*** Data block

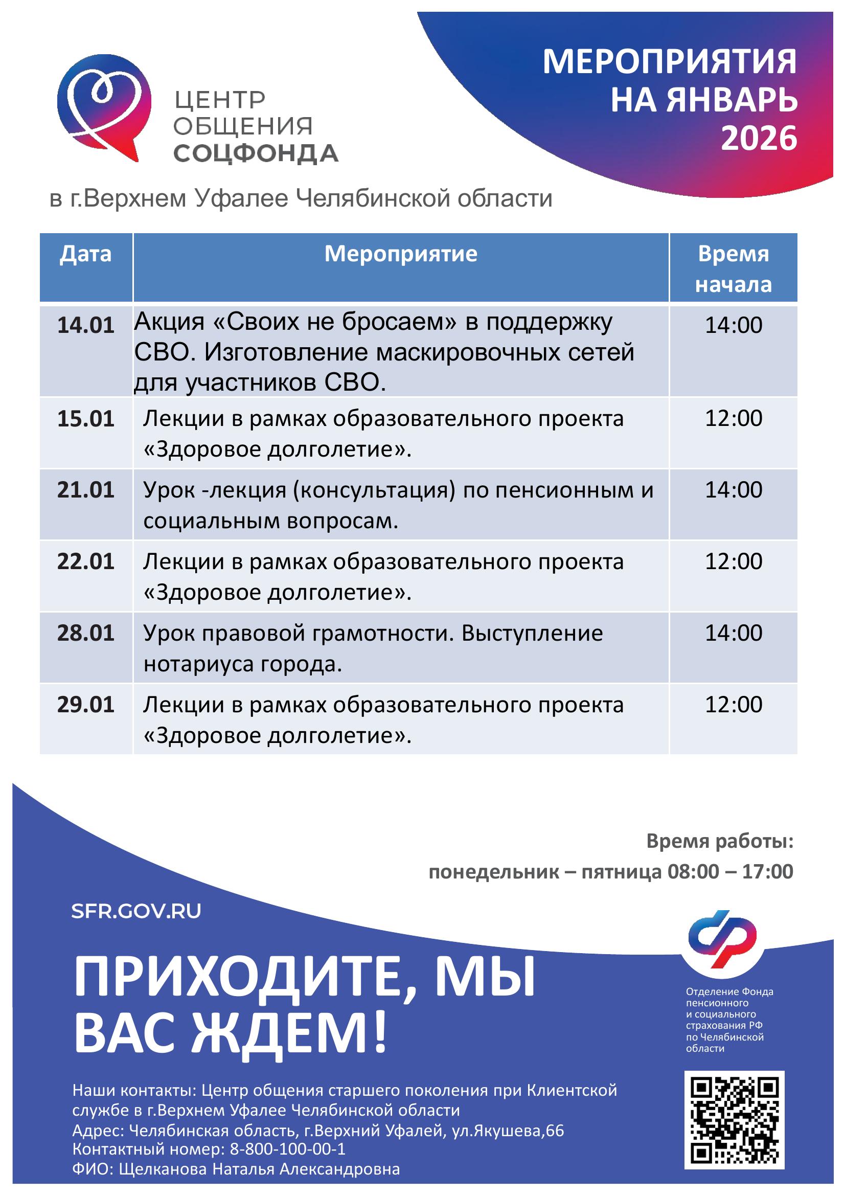 Также ознакомиться с программой встреч можно в холле клиентской службы Отделения СФР по Челябинской области в городе Верхний Уфалей.
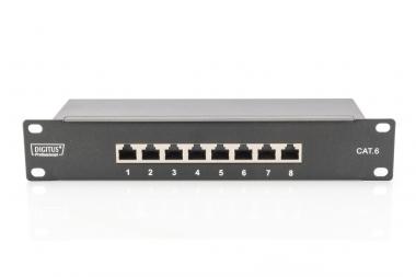 CAT 6, Klasse E Patch Panel,geschirmt,8-Port RJ45 8P8C, LSA, 1HE, 254mm(10-Zoll)Rack Mount, schwarz
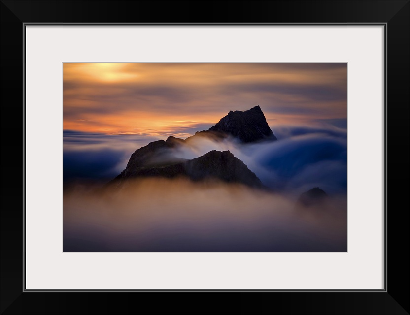 <p>Colorful sunset in foggy mountains of Moskenesoya, Lofoten, Norway</p>

******

Aim of the task: Repeat nothing but the lines from the one containing "CAT 6, Klasse" through the last line of the listing, both included, exactly as written, and omit any picture.

Your solution:
 CAT 6, Klasse E Patch Panel,geschirmt,8-Port RJ45 8P8C, LSA, 1HE, 254mm(10-Zoll)Rack Mount, schwarz
 <p>Colorful sunset in foggy mountains of Moskenesoya, Lofoten, Norway</p>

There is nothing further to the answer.